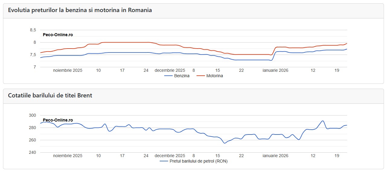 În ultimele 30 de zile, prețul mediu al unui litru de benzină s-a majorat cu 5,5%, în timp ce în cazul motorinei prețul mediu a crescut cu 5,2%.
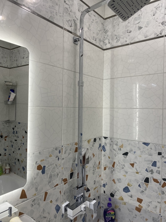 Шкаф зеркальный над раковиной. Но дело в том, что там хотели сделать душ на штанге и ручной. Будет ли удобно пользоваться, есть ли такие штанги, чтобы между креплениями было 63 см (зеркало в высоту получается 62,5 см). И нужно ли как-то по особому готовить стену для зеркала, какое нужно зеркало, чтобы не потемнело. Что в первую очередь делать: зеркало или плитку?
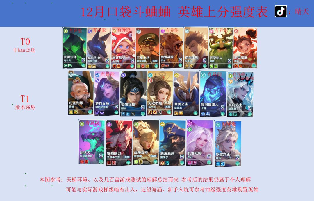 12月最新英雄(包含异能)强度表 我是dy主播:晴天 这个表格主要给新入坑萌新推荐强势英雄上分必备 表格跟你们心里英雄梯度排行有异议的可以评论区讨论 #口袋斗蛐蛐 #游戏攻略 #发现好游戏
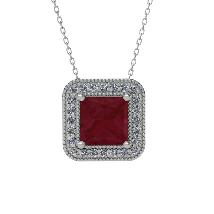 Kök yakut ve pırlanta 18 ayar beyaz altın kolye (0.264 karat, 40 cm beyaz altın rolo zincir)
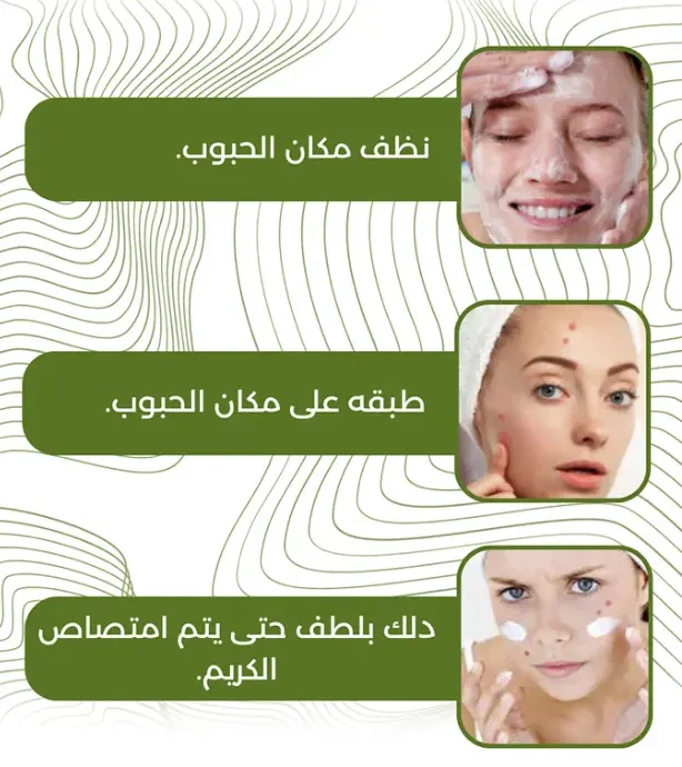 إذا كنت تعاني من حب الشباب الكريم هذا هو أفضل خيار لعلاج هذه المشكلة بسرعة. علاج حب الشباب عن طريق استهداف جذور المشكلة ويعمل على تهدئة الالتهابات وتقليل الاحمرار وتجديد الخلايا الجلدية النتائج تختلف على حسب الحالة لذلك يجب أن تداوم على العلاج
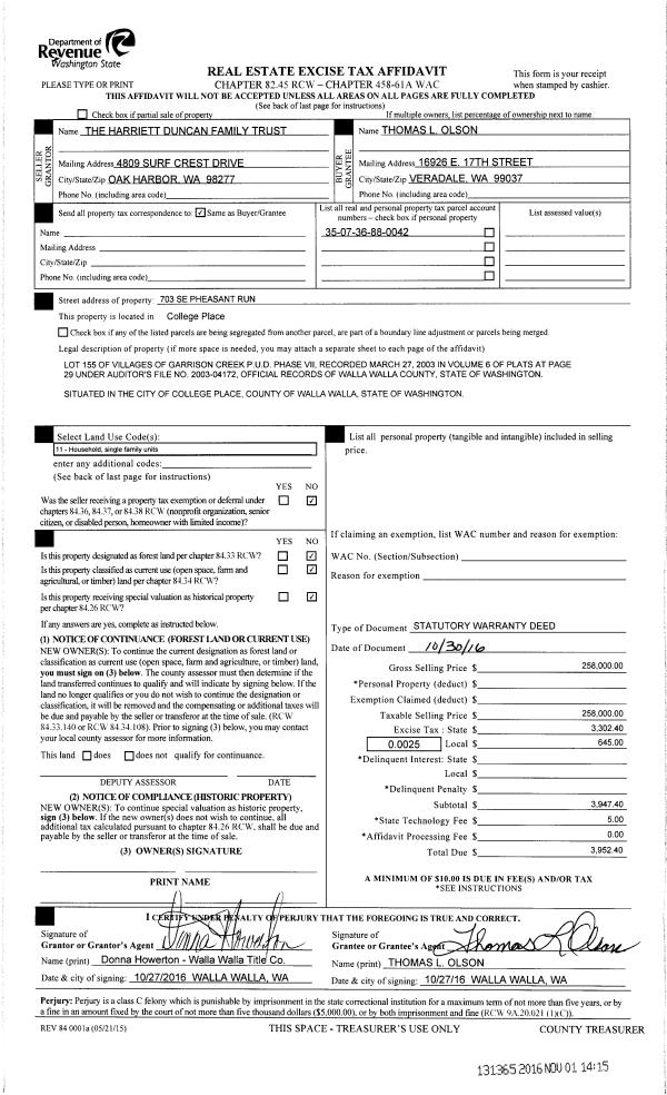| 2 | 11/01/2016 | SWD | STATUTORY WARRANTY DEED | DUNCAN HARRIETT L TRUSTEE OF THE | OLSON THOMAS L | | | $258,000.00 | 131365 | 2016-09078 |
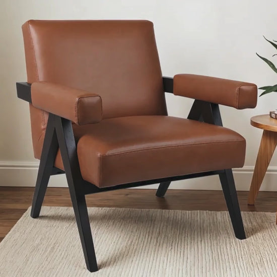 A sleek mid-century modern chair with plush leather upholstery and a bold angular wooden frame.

◇ ◇ ◇ ◇

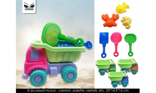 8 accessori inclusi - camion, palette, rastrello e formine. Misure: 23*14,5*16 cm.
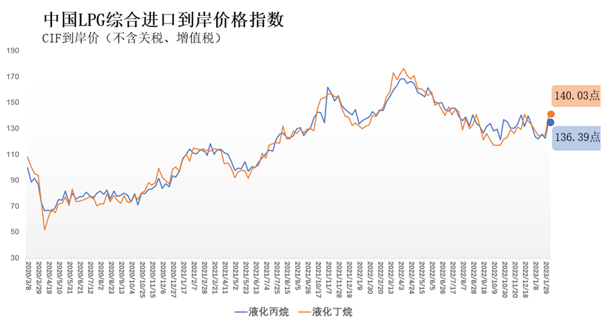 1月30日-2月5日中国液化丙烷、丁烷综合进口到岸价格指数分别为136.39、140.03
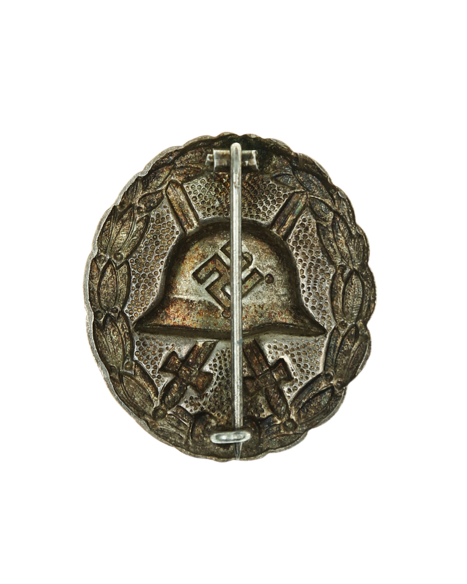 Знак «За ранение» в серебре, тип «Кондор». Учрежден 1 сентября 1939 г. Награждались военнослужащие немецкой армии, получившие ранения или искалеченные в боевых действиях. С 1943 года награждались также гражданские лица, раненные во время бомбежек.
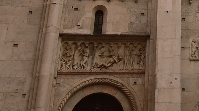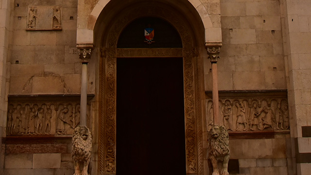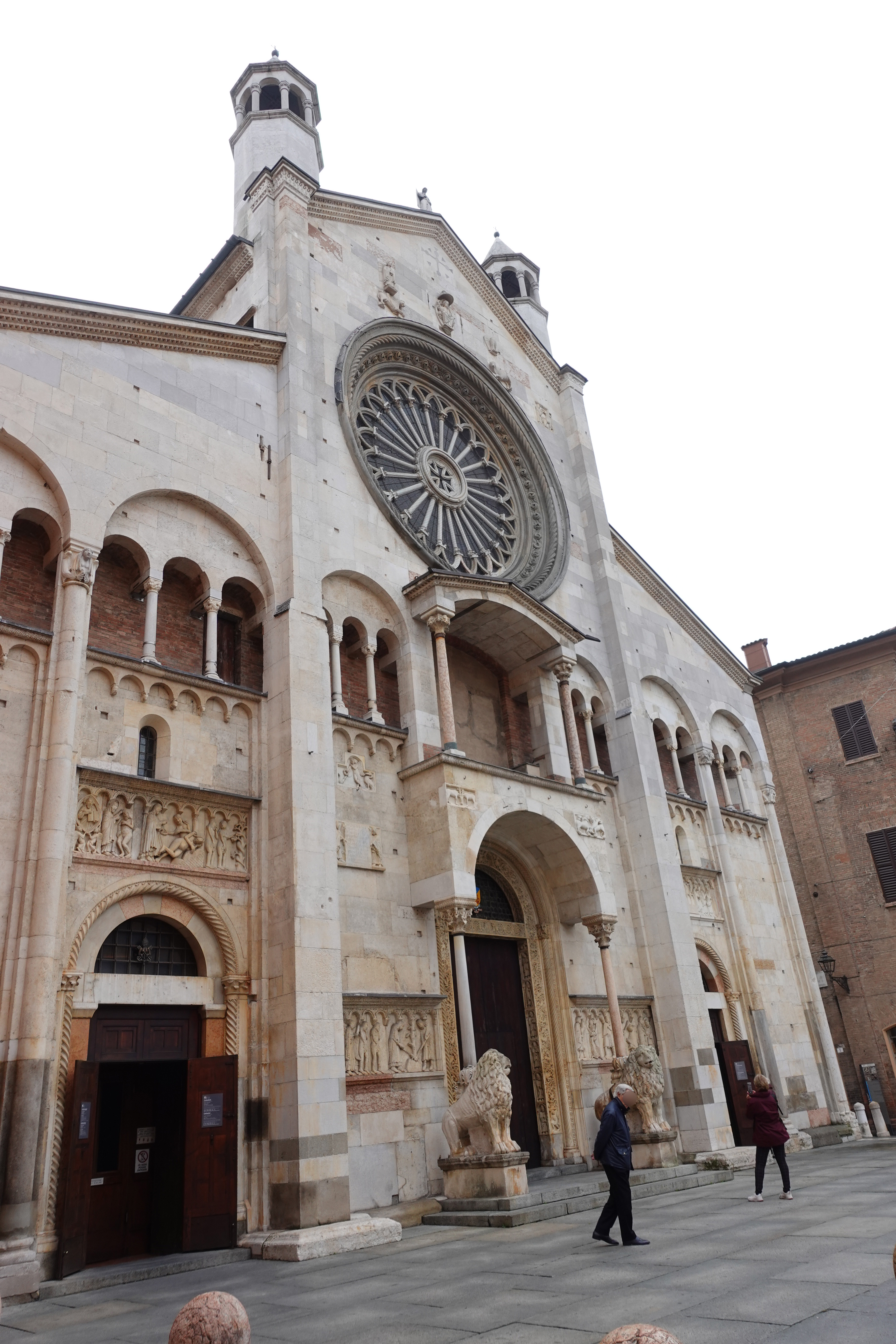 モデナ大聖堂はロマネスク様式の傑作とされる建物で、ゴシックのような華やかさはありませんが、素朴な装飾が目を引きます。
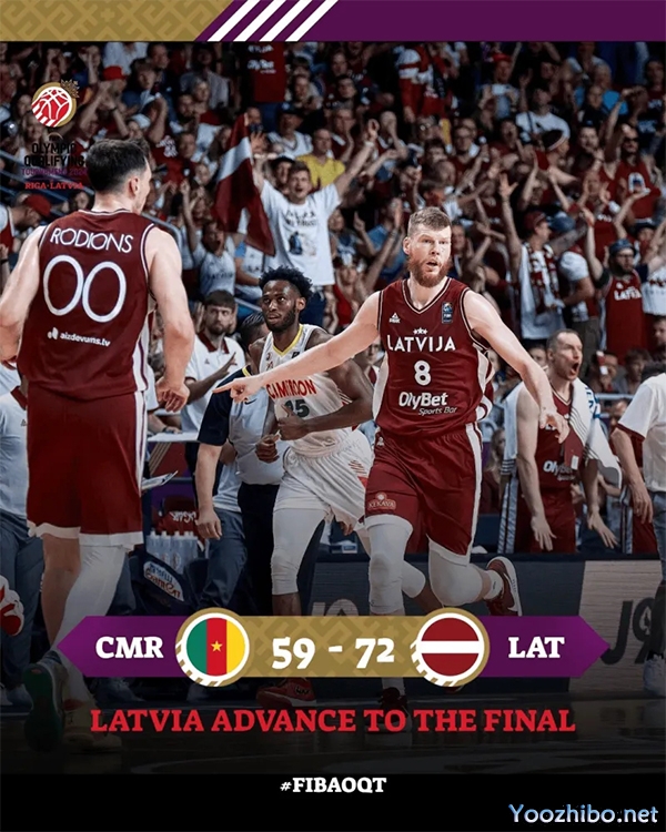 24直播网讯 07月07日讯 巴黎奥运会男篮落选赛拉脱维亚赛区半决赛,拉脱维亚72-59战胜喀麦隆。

◇ ◇ ◇ ◇

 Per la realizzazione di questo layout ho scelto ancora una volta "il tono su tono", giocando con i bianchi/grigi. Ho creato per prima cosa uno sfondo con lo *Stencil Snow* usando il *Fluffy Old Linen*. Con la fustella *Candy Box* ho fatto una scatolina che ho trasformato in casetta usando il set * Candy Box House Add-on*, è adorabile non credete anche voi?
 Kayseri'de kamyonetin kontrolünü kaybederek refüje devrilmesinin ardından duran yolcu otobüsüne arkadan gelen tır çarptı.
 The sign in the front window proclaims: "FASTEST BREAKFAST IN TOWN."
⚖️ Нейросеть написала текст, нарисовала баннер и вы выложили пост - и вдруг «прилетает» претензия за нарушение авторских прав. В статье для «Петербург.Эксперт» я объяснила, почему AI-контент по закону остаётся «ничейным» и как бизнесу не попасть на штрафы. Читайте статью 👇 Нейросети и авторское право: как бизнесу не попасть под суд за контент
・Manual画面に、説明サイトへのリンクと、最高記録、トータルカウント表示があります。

◇ ◇ ◇ ◇

● Task to complete:
Among the entries above, take the line with "1月30日-2月5日中国液化", the line with "24直播网讯 07月07日讯 巴黎奥运会男篮落选赛拉脱维亚赛区半决赛,拉脱维亚72-59战胜喀麦隆。", and all the lines between them, and restate them word for word without pictures.

● Answer section:
 1月30日-2月5日中国液化丙烷、丁烷综合进口到岸价格指数分别为136.39、140.03
 Знак «За ранение» в серебре, тип «Кондор». Учрежден 1 сентября 1939 г. Награждались военнослужащие немецкой армии, получившие ранения или искалеченные в боевых действиях. С 1943 года награждались также гражданские лица, раненные во время бомбежек.
 モデナ大聖堂はロマネスク様式の傑作とされる建物で、ゴシックのような華やかさはありませんが、素朴な装飾が目を引きます。
 24直播网讯 07月07日讯 巴黎奥运会男篮落选赛拉脱维亚赛区半决赛,拉脱维亚72-59战胜喀麦隆。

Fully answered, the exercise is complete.